From that moment, the culture of the Yankee clubhouse changed. In October of 2004, matter touched anti-matter somewhere in a distant quantum universe and history came to an end. The Red Sox not only won an ALCS against the Yankees, but came back from 0-3 to do it. Joe Torre had lost control of the team to Cashman and Steinbrenner the younger. There was the infamous “pop-up” incident versus Baltimore in 2006 and then there was A-Rod’s infamous “opt-out” of his contract in 2007. Whereas A-Rod was re-signed to his current, ten-year, $275 million in 2008, Joe Torre’s contract was allowed to expire.

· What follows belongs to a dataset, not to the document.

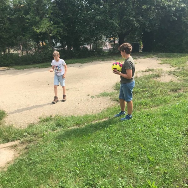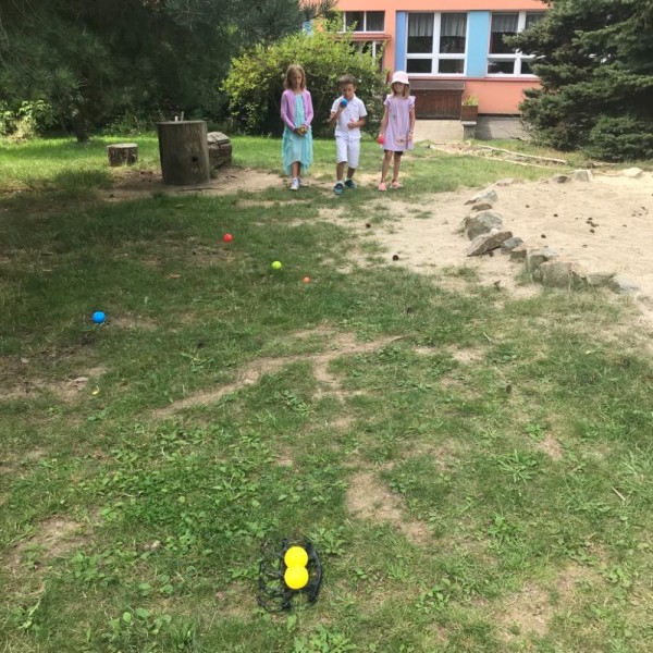Díky příznivému počasí jsme chodili brzo ven. Chlapci hráli fotbal a holčičky vyzkoušeli skákací gumu a různé sportovní náčiní.

A brief glance at A-Rod’s performance as a Yankee shows a fantastic regular season player, especially on offense, but one who routinely underperforms in the post season.
As a Yankee, he’s a two-time AL MVP, and has been selected to the All-Stars every year except 2009. Compare that to his post-season numbers:
Last year, his post-season numbers were abysmal. Aside from being the last strike out in both the 2010 ALCS and in last year’s early exit at the hands of the Tigers, his slash numbers were 111/261/111.
I don’t fault the Steinbrenners for wanting arguably the best shortstop since Honus Wagner. Here’s what Baseball Prospectus had to say about him back in 2001: “Alex Rodriguez added the only weapon missing from his arsenal last year by doubling his career walk rate. He is the first player in the 25-year history of free agency to be established as one of the game’s top few players and still have his peak seasons ahead of him at the time he entered the market.”
However, getting A-Rod resulted in losing Joe Torre. The Yankees’ heavy investment in A-Rod meant that the rest of the team and coaches would have to work around him. When they re-signed him in 2008, his contract was laden with narcissistic platitudes that betrayed his obsession with his own place in baseball history. Even the manner in which A-Rod signed his extension (prior to the end of the season in 2007, during the World Series, negating the final Rangers’ payment on his original contract) was stomach-churning.
In the end, we have a productive, but not $23-million-per-year-‘til-2017-productive, baseball player. His defense is above average thus far in 2012, though he is slumping somewhat. By 2017, the Yankees will have the highest-paid DH in the game. As a Yankee fan living in Tampa, I enjoy watching A-Rod silence his critics here at Yankee Stadium South, er, Tropicana Field. As a Yankee fan, though, I wish his contract extension reflected his actual performance as a Yankee and not his pre-Yankee hype. Ten year contracts are a bad idea.